KfW Tunisia Green Energy Cable: A Collaborative Effort

ELMED is jointly delivered by Tunisia’s grid operator STEG and Italy’s TERNA. Alongside KfW’s BMZ-mandated loan (EUR 35 million), the European Union has allocated a EUR 307.6 million grant through the Connecting Europe Facility, with further financing from the World Bank, European Investment Bank (EIB), European Bank for Reconstruction and Development (EBRD) and the Green Climate Fund. The EU also mobilised additional Team Europe support to accelerate enabling infrastructure in Tunisia. Details are documented in the KfW press release and EU communications.

Global Gateway Initiative

As a Global Gateway flagship, ELMED is a test case for how EU development finance can de-risk cross-border energy infrastructure with geopolitical relevance.

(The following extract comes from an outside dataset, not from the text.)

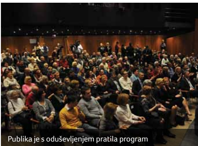
Publika je s oduševljenjem pratila program
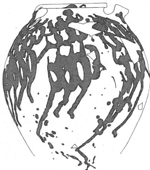
Fig. 2 : recipiënt in roodbeschilderd aarde werk (proefsleuf 29, spoor 7)

In december 2007 werd een kleiner opgravingsvlak van ca 3000 m 2 aangelegd, ongeveer 400 meter ten zuiden van de bovengenoemde site (Fig. 1-3). Op dit perceel werden in de proefsleuven reeds kogelpotfragmenten uit de Karolingische periode (9 de eeuw) gevonden. Bij afgraving bleek ook hier een gebouwplattegrond en minstens twee spiekertjes onderscheidbaar. Het areaal rond deze structuren werd omgeven door een reeks onderbroken grachten, waarvan de oriëntatie nog steeds door de huidige perceelsgrenzen gerespecteerd wordt. De Karolingische site, gelegen aan de rand van een kouter aan de samenvloeiing van de twee begrenzende beken, wordt aan de westzijde geflankeerd door een bestaande veldweg die het achterliggende koutergebied centraal doorloopt. Een coupe op deze veldweg leverde karrensporen op. Deze elementen lijken duidelijk met elkaar in relatie te staan.

The programme targets bankable, sustainable connectivity—here, via a North Africa–EU electricity bridge that can scale with Tunisia’s renewables build-out.

What exactly is ELMED and how long is the cable?

ELMED is a Tunisia–Italy interconnector project linking Cap Bon with Sicily via a roughly 200 km subsea cable and about 20 km of associated onshore works, for a total span near 220 km. It is engineered for 600 MW to move low-carbon power into the Italian and broader EU market.

Terminology can vary by source: project notes often cite “200 km” for the submarine segment and “~220 km” including land sections. Both relate to the same build-out—subsea plus converter stations and grid tie-ins on each side.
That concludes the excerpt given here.